┌─ DATA SECTION
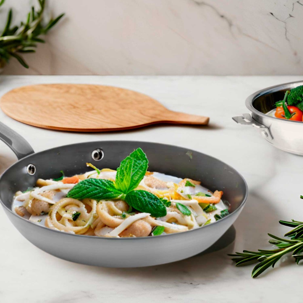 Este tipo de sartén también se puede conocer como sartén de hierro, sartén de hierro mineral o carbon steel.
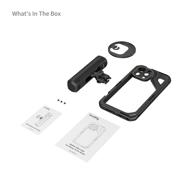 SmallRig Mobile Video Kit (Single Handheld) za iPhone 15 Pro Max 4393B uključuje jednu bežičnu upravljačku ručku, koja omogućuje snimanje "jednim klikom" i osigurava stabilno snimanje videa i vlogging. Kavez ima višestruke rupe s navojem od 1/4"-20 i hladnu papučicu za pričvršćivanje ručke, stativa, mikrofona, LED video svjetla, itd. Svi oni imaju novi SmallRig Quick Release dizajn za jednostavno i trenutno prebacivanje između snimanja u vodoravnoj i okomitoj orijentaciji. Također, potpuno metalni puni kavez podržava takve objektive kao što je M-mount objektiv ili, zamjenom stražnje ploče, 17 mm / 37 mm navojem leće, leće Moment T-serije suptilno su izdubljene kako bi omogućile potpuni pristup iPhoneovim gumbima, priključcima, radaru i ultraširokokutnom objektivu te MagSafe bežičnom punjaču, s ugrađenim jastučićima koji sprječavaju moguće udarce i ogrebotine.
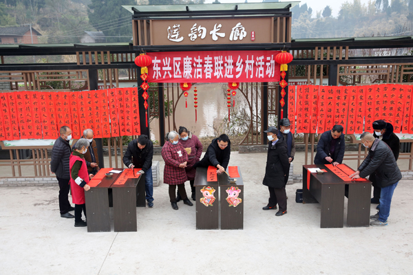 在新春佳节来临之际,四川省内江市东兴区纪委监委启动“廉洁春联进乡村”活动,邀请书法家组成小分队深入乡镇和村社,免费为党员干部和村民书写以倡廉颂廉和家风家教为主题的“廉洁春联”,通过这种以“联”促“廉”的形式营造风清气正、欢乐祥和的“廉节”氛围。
└─
TASK GOAL: Output all the material exactly. The pictures are to be left out.

RESULT BELOW:
 Este tipo de sartén también se puede conocer como sartén de hierro, sartén de hierro mineral o carbon steel.
 SmallRig Mobile Video Kit (Single Handheld) za iPhone 15 Pro Max 4393B uključuje jednu bežičnu upravljačku ručku, koja omogućuje snimanje "jednim klikom" i osigurava stabilno snimanje videa i vlogging. Kavez ima višestruke rupe s navojem od 1/4"-20 i hladnu papučicu za pričvršćivanje ručke, stativa, mikrofona, LED video svjetla, itd. Svi oni imaju novi SmallRig Quick Release dizajn za jednostavno i trenutno prebacivanje između snimanja u vodoravnoj i okomitoj orijentaciji. Također, potpuno metalni puni kavez podržava takve objektive kao što je M-mount objektiv ili, zamjenom stražnje ploče, 17 mm / 37 mm navojem leće, leće Moment T-serije suptilno su izdubljene kako bi omogućile potpuni pristup iPhoneovim gumbima, priključcima, radaru i ultraširokokutnom objektivu te MagSafe bežičnom punjaču, s ugrađenim jastučićima koji sprječavaju moguće udarce i ogrebotine.
 在新春佳节来临之际,四川省内江市东兴区纪委监委启动“廉洁春联进乡村”活动,邀请书法家组成小分队深入乡镇和村社,免费为党员干部和村民书写以倡廉颂廉和家风家教为主题的“廉洁春联”,通过这种以“联”促“廉”的形式营造风清气正、欢乐祥和的“廉节”氛围。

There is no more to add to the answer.